There was a time when I saw older performers i.e. actors, singers and the like, that I would comment on how well or badly they were aging. I would judge their skin and try to decide whether or not they’ve had work done. It was sort of a game and I did it without thinking. That hair color? Oh no, way too bright and obviously not natural. No one’s skin is that tight at her age. Nope, dressing too young. You get the idea.
Now that I’ve become a woman of a certain age, I find I’m far less critical. I know for a fact how hard it is to fight gravity. Personally, gravity has won and I’m just doing my best to shore body parts up so that I don’t flop around in public. My skin is acting it’s age. It startles me every time I look at the back of my hands and neck. When the hell did this happen? My gray hair elicits different reactions. One is that I’d look younger if I dyed it. Younger than what? The second is that I’m so brave for letting it go natural and did I know that people were paying money to get this color. Brave? Running into a burning building is brave. Coloring your hair gray at thirty seems silly. Just wait a few years and you won’t have to pay for it.

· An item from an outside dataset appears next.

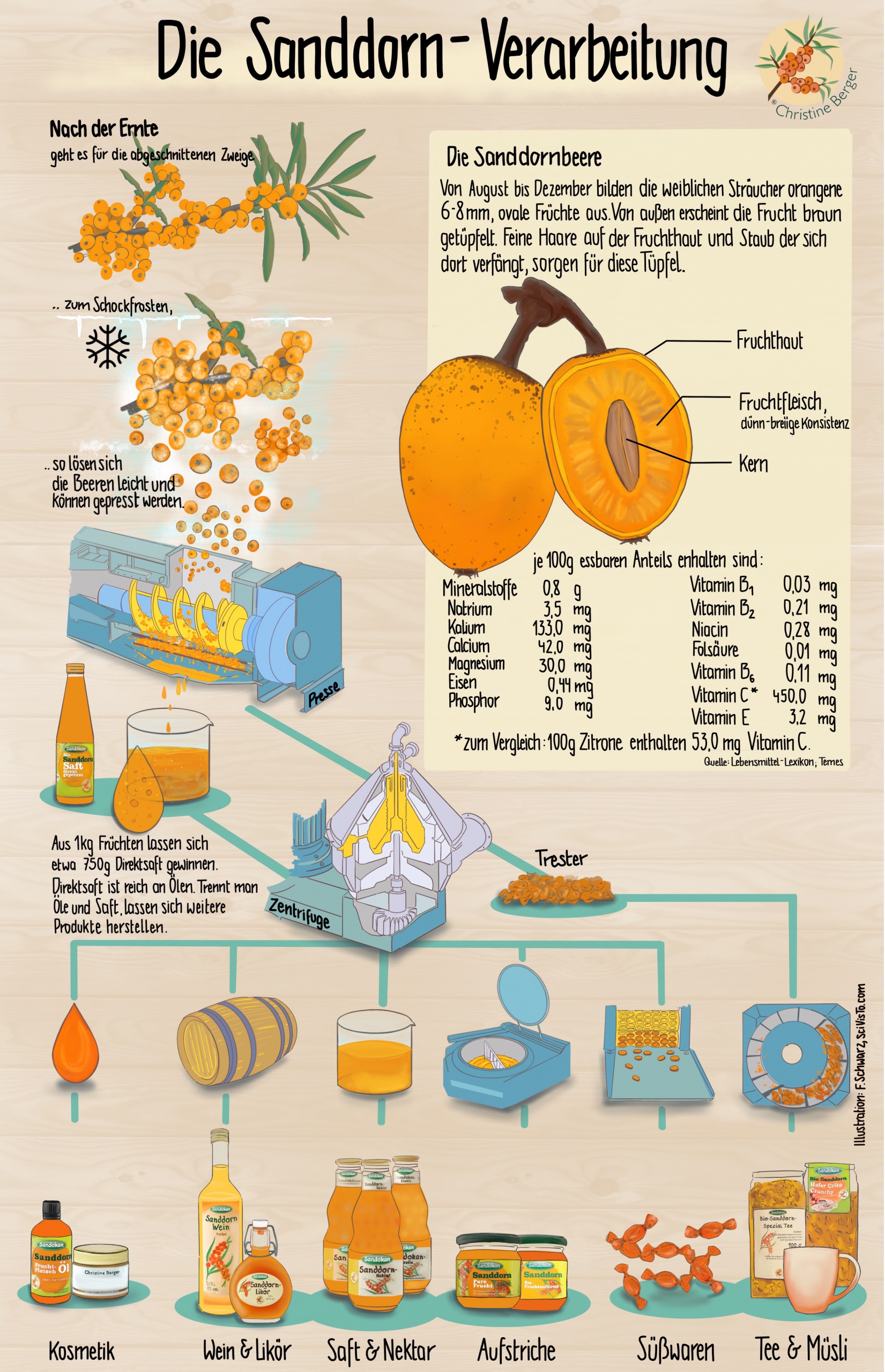 Der Sanddorn, den wir für unsere Produkte verwenden, stammt ausschließlich aus eigenem Bio-Anbau in der Gegend von Werder (Havel) bei Potsdam. Auf dem Schaubild haben wir veranschaulicht, wie die Beeren geerntet und verarbeitet werden.

Last year, I turned sixty and it seemed of monumental importance. As this year’s birthday approaches, I’m less concerned about the number of candles and more interested in the kind of cake I’ll get from Weber’s. I’m very fond of lemon, in case anyone is listening. Aging gracefully seems to be a compliment. For those who know me, doing anything gracefully is farfetched. So I’ll aim for aging with joy, pleasure and perhaps peace in my life. Oh, and with a lemon cake, too.